Here are some steps to try to fall asleep. One rule of thumb is to turn off all electromagnetic screens. Creating a peaceful environment conducive to rest is essential. Scents like lavender help.

Experience a True Sense of Relaxation

First, try to experience the feeling of relaxation. According to Mary Wise, M.D. “There are many ways to relax. A common one is to do deep breathing focusing on the breath and letting all other thoughts go. Progressive muscle relaxation, guided visualization meditation, and repeating a word or a mantra all work well.”

One way to learn the feeling of relaxation is to lie down with the head on a pillow. Tense up the body as much as possible and then release it – – all at once. Here, experience the sense of relaxation in the physical body after the release of the tension; that feeling is the goal. Once you’re aware of how relaxation feels, the recognition of it as a state of mind becomes familiar and retrievable.

Become Aware of Energetic Chakras

Breath is alive. It travels through the body. Close the eyes and become aware of the seven chakras in the body. Breath is energy that moves from the first chakra upward.

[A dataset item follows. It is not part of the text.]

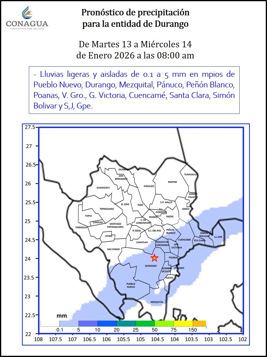 Además, existe probabilidad de lluvias ligeras y aisladas en municipios como Pueblo Nuevo, Durango, Mezquital, Pánuco, Peñón Blanco, Poanas, Vicente Guerrero, Guadalupe Victoria, Cuencamé, Santa Clara, Simón Bolívar y San Juan de Guadalupe.
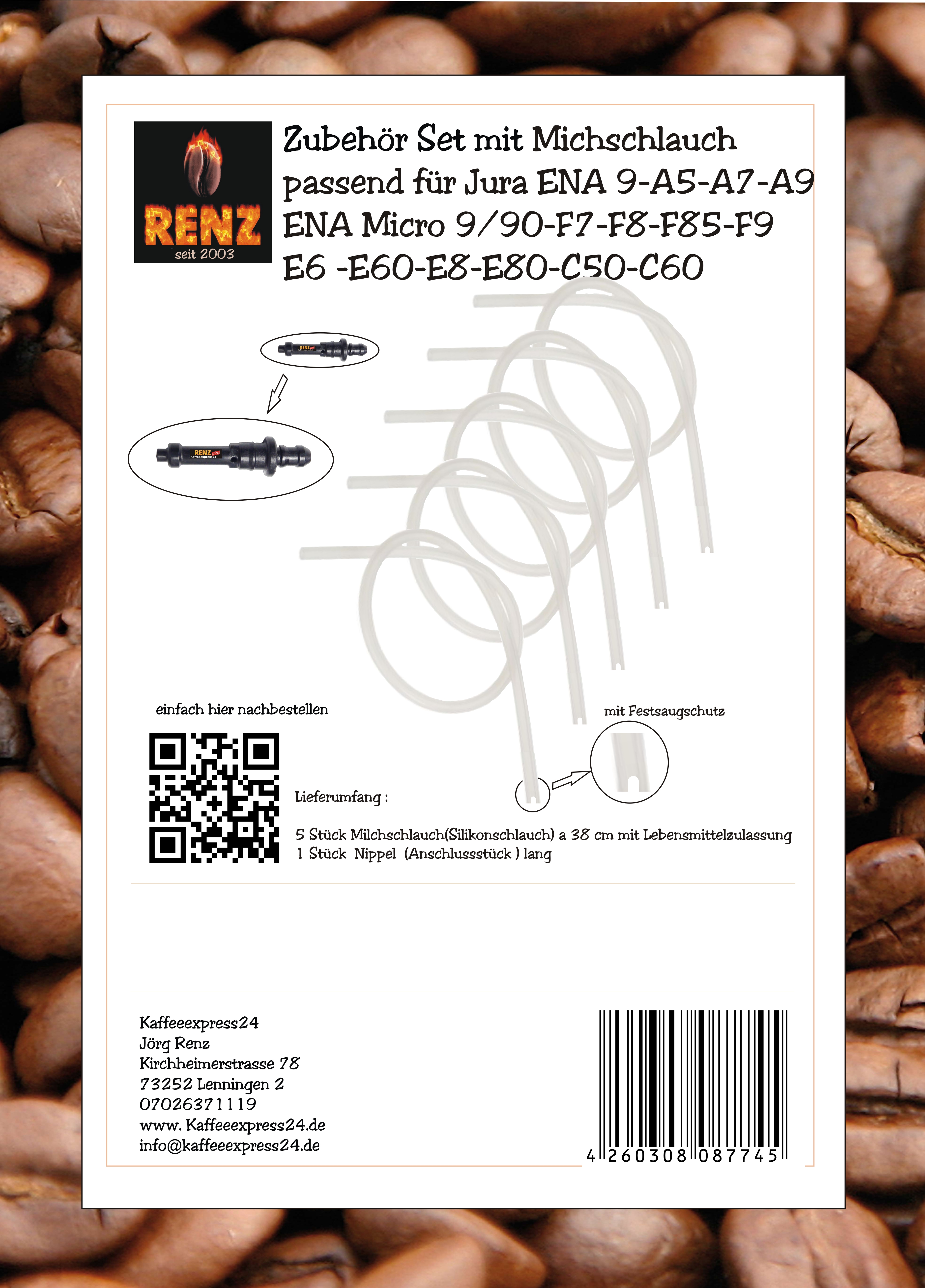 Produktinformationen "Zubehör Set mit Michschlauch passend für Jura ENA 9-A5-A7-A9 ENA Micro 9/90-F7-F8-F85-F9 E6-E60-E8-E"

  • Energy begins in the root chakra at the feet, legs, bones, base of spine.
  • Energy travels up to the next chakra, genitals and lower abdomen.
  • Energy moves to the third chakra the naval to solar plexus.
  • Energy rises to the upper fourth chakra heart, lungs, arms, hands.
  • Energy moves into the fifth chakra shoulders, neck, throat, ears.
  • Energy travels into the sixth chakra the eyes.
  • Energy moves into the seventh chakra crown of the head.

Establish a Root

Lie comfortably on the bed. Start with an inhale that begins in the pelvis with a light, subtle contraction. The breath should begin in the second chakra and travel upward. However, this may be too challenging for many, so start the breath where it’s easiest. It might be the stomach or the lungs. The secret is to find the root, where it’s most comfortable. Then, inhale from the root, letting the breath enter there. Allow the breath to move up to the higher chakras, and exit out through the nose.

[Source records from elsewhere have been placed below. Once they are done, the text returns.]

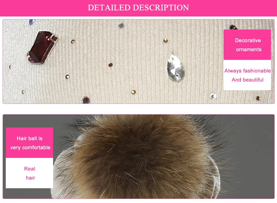 - כובע נשים שרוג עם פום פום פרווה דביבון אמיתי, הקובע הקלאסי מקושט באבני יהלומים – צמר + אקריליק
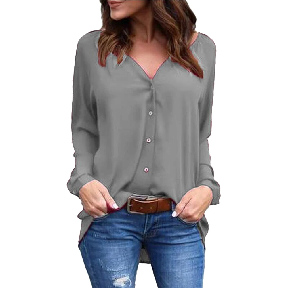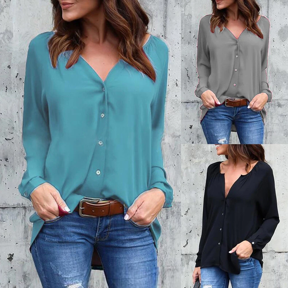 Однотонная плиссированная рубашка с v-образным вырезом и пуговицами с длинным рукавом женская шифоновая блузка Топ
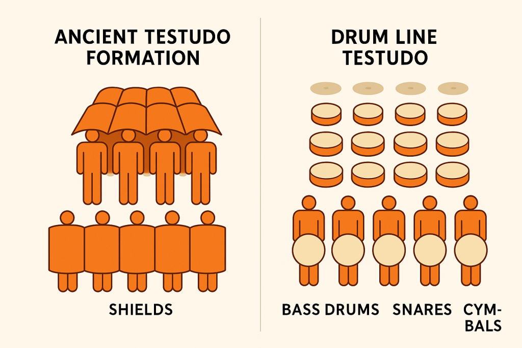 Instead of soldiers, picture a drum line at a music event — bass drums up front, snares overhead, cymbals to the sides. They move in tight formation through a crowd, not to break a siege, but to create a visual and auditory spectacle.
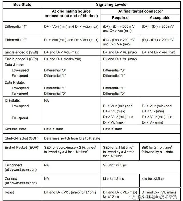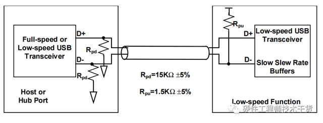 低速设备上拉电阻在D-上,主机通过监听两个数据线的状态识别不同类型的设备,上拉电压源3.0-3.6V,如下图:
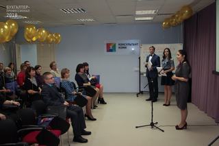 Жюри, участники и финалисты конкурса собрались 30 ноября в актовом зале компании «Консультант Коми» для подведения итогов конкурса. На открытии церемонии награждения с приветственной речью выступила генеральный директор компании «Консультант Коми» Елена Пелевина. Она поблагодарила партнеров мероприятия и всех участников конкурса, а также напомнила о важности профессии бухгалтера в 21 веке: |
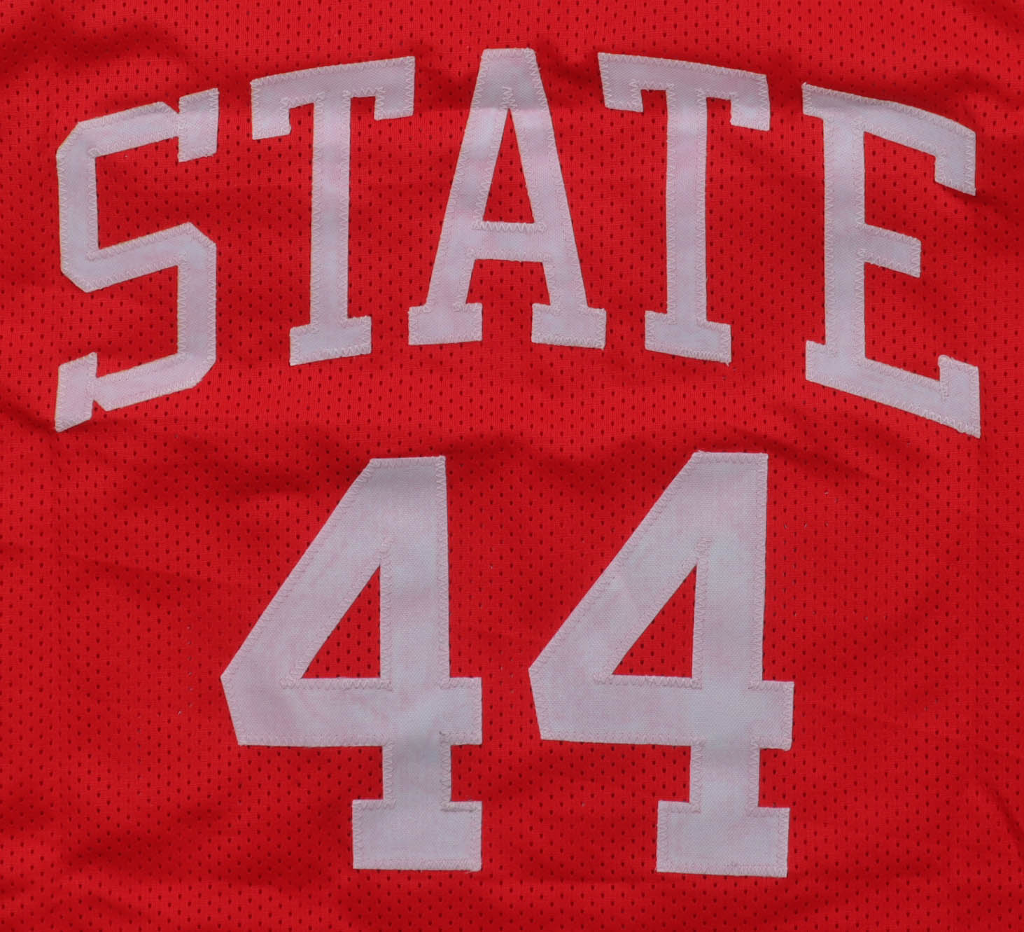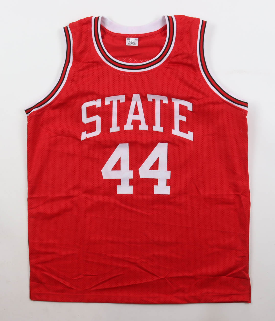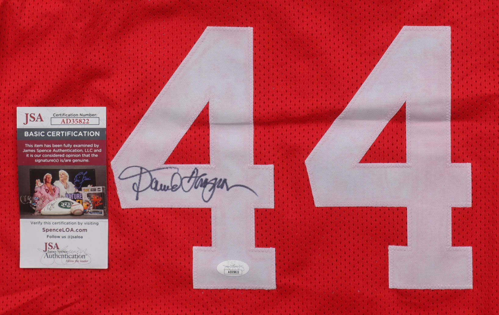 Custom jersey with everything sewn on, size XL. Hand-signed by David Thompson (HOF). Please note, glue is visible through the front and reverse numbers.
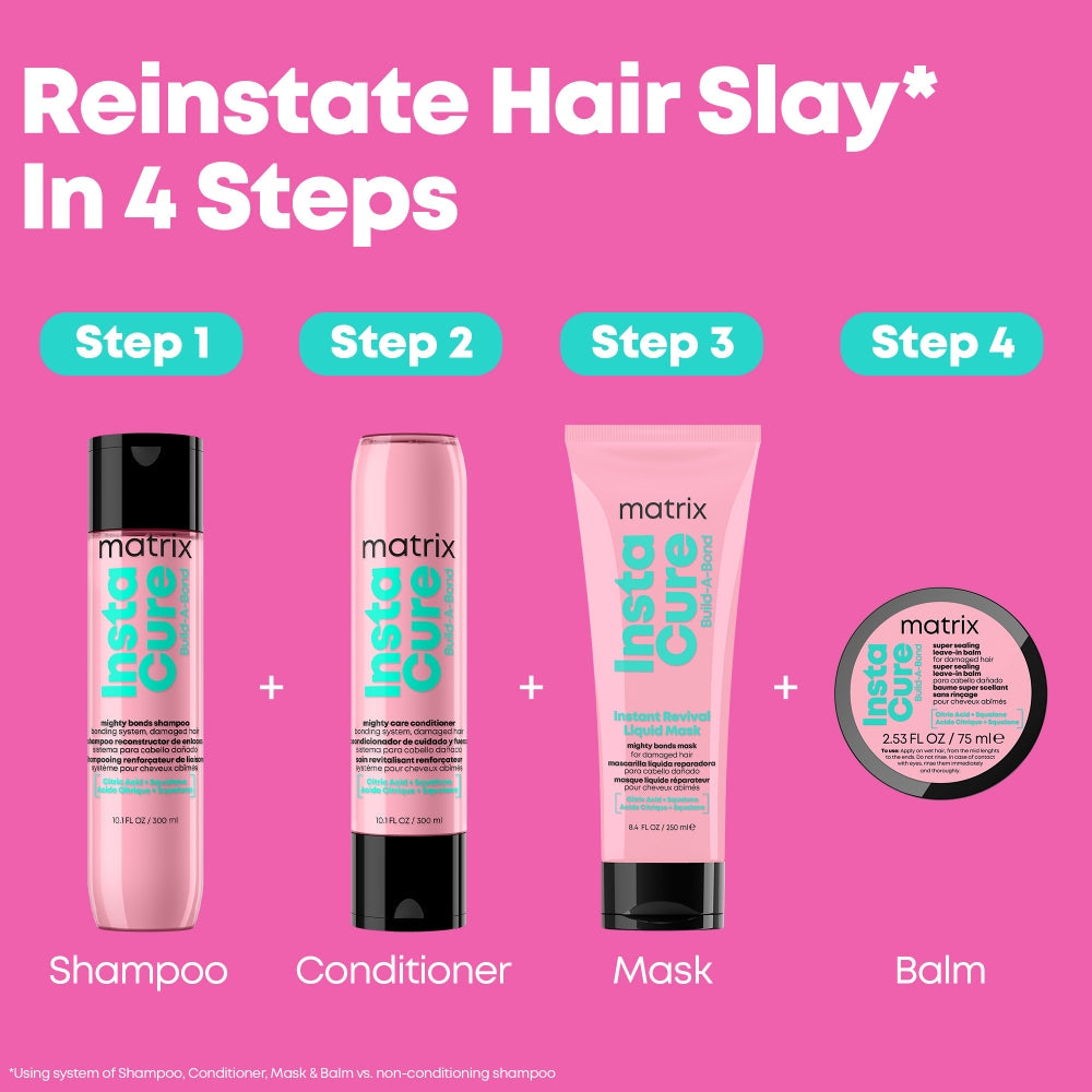 Matrix Instacure Build-A-Bond Instant Revival Liquid Mask (250ml) is a treatment mask with a liquid texture which repairs, nourishes and strengthens damaged hair weightlessly whilst helping to repair weakened bonds. It provides frizz control for up to 72 hours with heat protection to 230°C. Enriched with Citric Acid to strengthen and Squalane to soften and smooth, the luxurious creamy texture is suitable for use on colour-treated and highlighted hair to repair damage.

Let the Breath Travel Up, Up, Up

Take a deep breath with the mouth closed. Ideally, the mouth should always remain closed. If that’s not possible, it’s fine. The action of trying is what matters most. Inhale the breath as deeply as possible, beginning in the pelvis and let it travel up through the stomach, slowly filling and expanding the lungs, into the throat, and after holding it for a few seconds, release it fully and slowly, through the nostrils.  

Once the breath is released through the nostrils, count silently to five. Then, begin a new inhale starting as low as possible in the pelvis, or the stomach, ultimately letting it fill the lungs, as it travels up past the throat and releases through the nose. Again, after a full exhale, count silently to five, and repeat.


The sound of the breath should not be labored. If it’s stressed, it defeats the purpose. It should sound soft and gentle like a wave on a shore. Ideally, visualize a circular motion of the inhale as it travels up the front of the body, and the exhale as it’s released down the backside.

Trouble Shooting

If allergies or other problems prevent breathing through the nose, then release the breath through the mouth, but continue to try and observe the movement of the breath as it makes it way up from the lower chakras (the pelvis) to the higher ones (stomach, lungs).

Oura Ring

Anne E. Appleby, founder of YogaForce, experienced insomnia and recommends the Oura Ring. She says that she “. . . went to three sleep clinics in the San Francisco Bay Area and nothing helped. Finally, a sleep doctor at UCSF suggested the Oura Ring. It has helped me to track my sleep. I’m so competitive that I wanted to get the best sleep score. In a matter of weeks, I was getting the top score of 90+. I have slept well for the past three years.”


Try ten deep breaths at a time, or more, if possible. It takes time. Don’t let frustration limit the action of trying. Master the root of one deep breath. Do this exercise regularly before trying to fall asleep, because practice makes perfect and muscles have memory.

Even one breath can begin to help reduce the stress hormones and allow for the drop into dreamland. The more one practices deep breathing, the easier it becomes to recognize the true state of relaxation and to summon it, when it’s time to fall sleep.